I feel like they probably should have come up with a different name and just noted the connection in the manifesto
Also: how many films are still produced in line with Dogma 95?
https://web.archive.org/web/20250215082603/http://www.dogme9...
This one really stands out by exculding whole genres and not really adding anything interesting to work around.
One could also argue that certain genres simply won't ever work as an arthouse movie.
Space opera, high fantasy and bangsian fantasy are three that come to mind.
Under the rules you could attempt to shoot Resident Alien, but not Star Trek.
And it excludes a lot less than its inspiration Dogme 95, which has as one rule "Genre movies are not acceptable."
I find that hilarious, like proclaiming that only other people have an ethnicity or an accent. Because of course Dogme is a genre of its own.
Though I’d argue that rom-com, period pieces, and biopics also are “genre”, at least to the extent a particular movie just paints by numbers within those styles.
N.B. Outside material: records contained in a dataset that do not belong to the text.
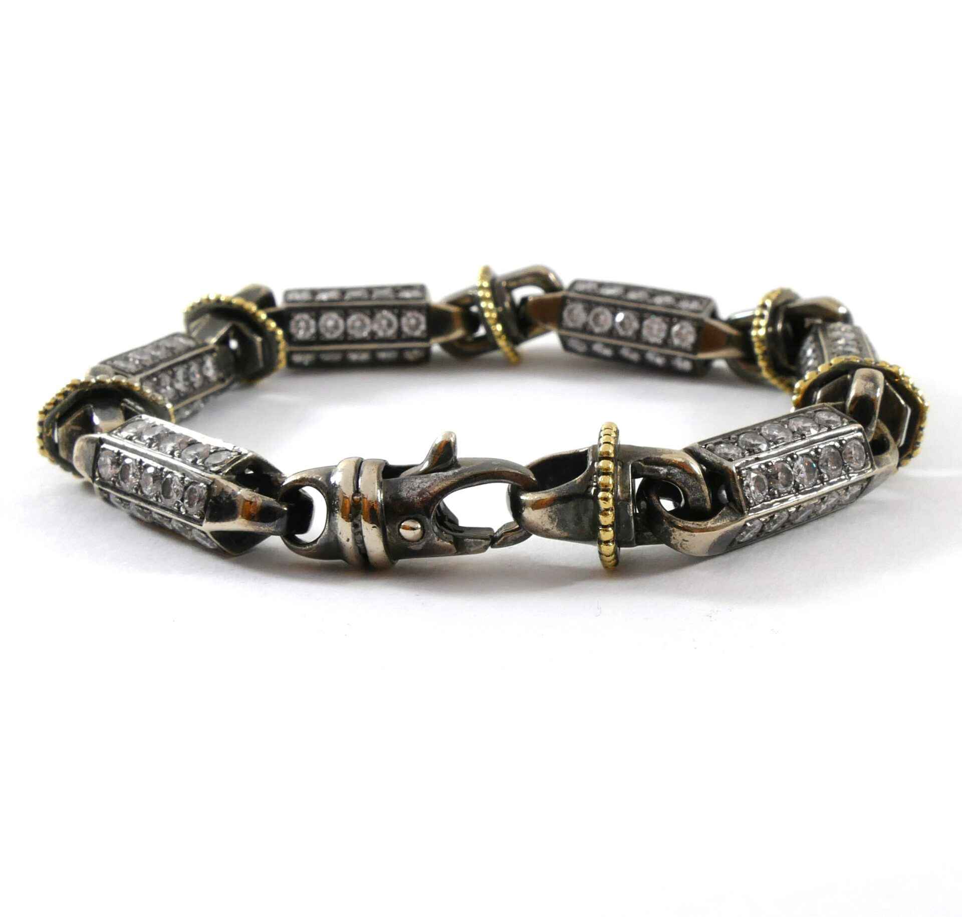 Men’s Diamond 12ct 14k & 18k White Gold Black Rhodium Link Bracelet 9″
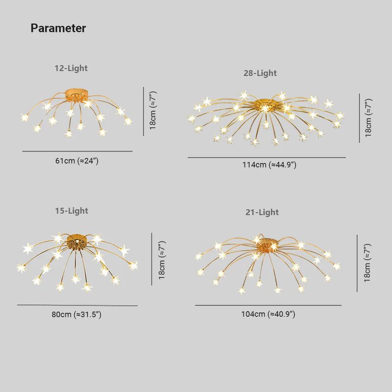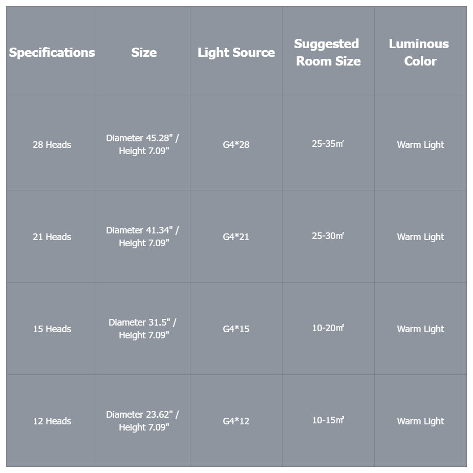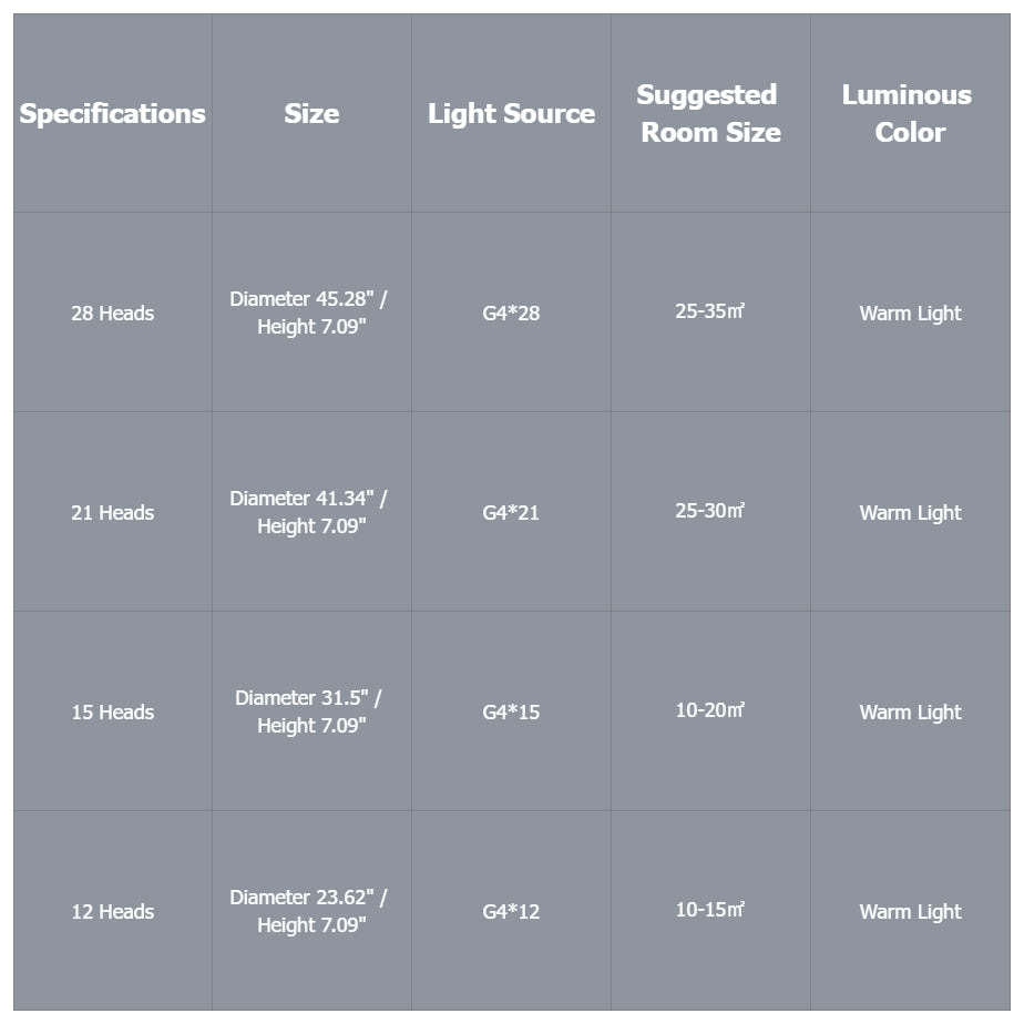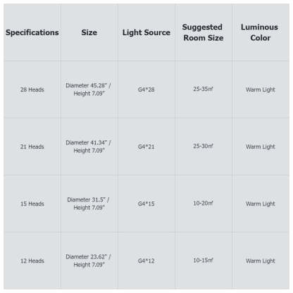 • Customizable Options: Available in four different sizes (12, 15, 21, and 28 heads) and three color options, including warm white, natural white, and cool white, this ceiling light allows you to customize the size and color temperature to suit your preferences and interior decor.
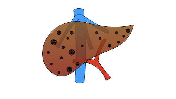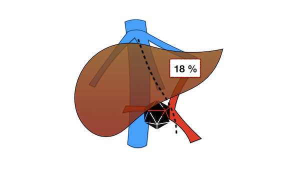 A febbraio 2021 era stato eseguito un intervento particolarmente difficile per rimuovere in un’unica procedura venti metastasi da neoplasia del colon-retto distribuite a tutto il fegato (figura 1). Dopo sei mesi, come purtroppo può accadere, la malattia si è ripresentata al fegato coinvolgendo la via biliare e la vena porta. Questa volta la situazione non appariva più gestibile chirurgicamente dato che – oltre alla complessità tecnica dovuta alla necessità di ricostruire vena porta e via biliare – il volume del fegato residuo (il lobo epatico sinistro) sarebbe stato inferiore al 20%, quindi incompatibile con la vita, a causa dell’insufficienza epatica che si sarebbe verificata dopo l’intervento (figura 2).
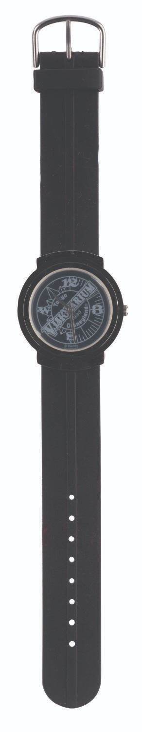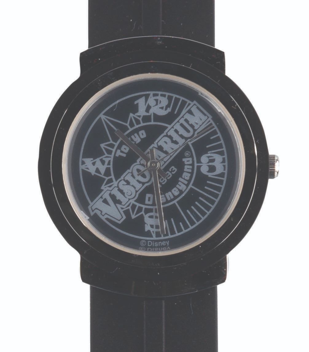 (Tokyo Disneyland, 1993) A Cast Member-exclusive wristwatch celebrating the 1993 opening of Visionarium, the Circle Vision 360 show about famous inventors that played at Tokyo Disneyland from 1993 to 2001. The watch is being sold as untested and may require batteries and service to function. Measuring 9" long with a 1.5" face, the watch is in fine condition in its original box.
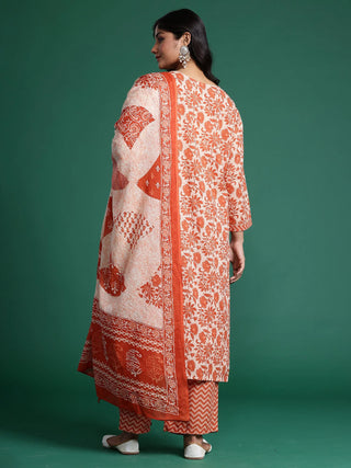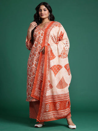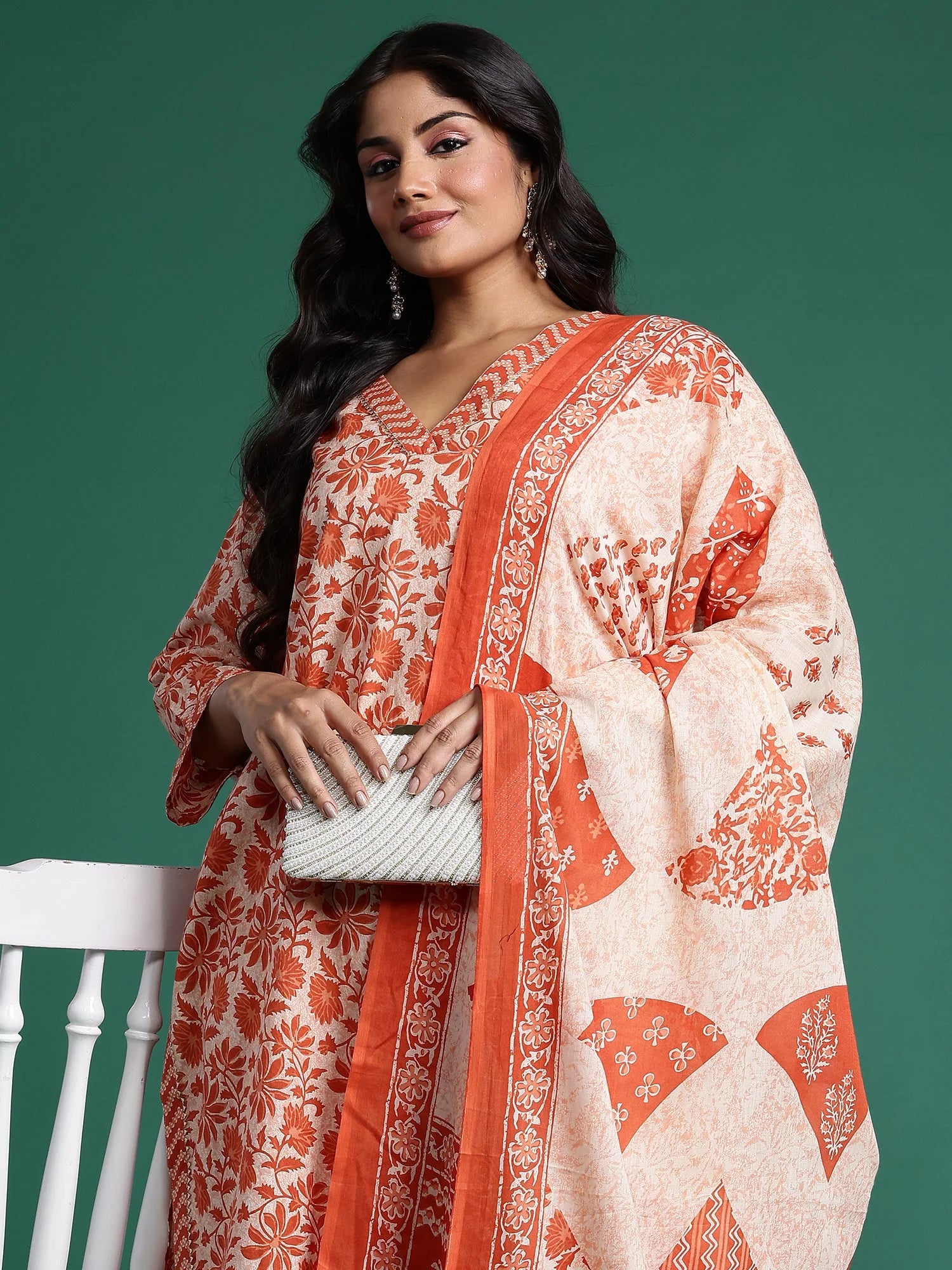 Experience timeless charm with this printed straight-cut kurta, designed with 3/4 sleeves and a stylish V-neck, falling gracefully to calf length. Paired with matching trousers featuring a cozy elastic waistband and a dupatta highlighted by a subtle tapping border, this suit set combines comfort and sophistication perfect for any event.

Not the cookie-cutter safe productions of today, which are essentially 2 hours long advertisements for popcorn and toys.
Not this snob "here's us certifying ourselves about being pure" bullshit.
Just good cinema. You know what I'm talking about.
At the very least, it made me understand that I need him to appear as himself in the next Death Stranding game.
Melancholia was just about bareable but from Mandalay onwards I could barely struggle through to the end of his flicks.
Nymphomaniac made me almost literally angry at its denouement. Just.. shit.
It’s almost as if creativity is connected to emotions, ideology and experience or something.
I feel like it's pretty well known in creative spaces that constraints breed creativity.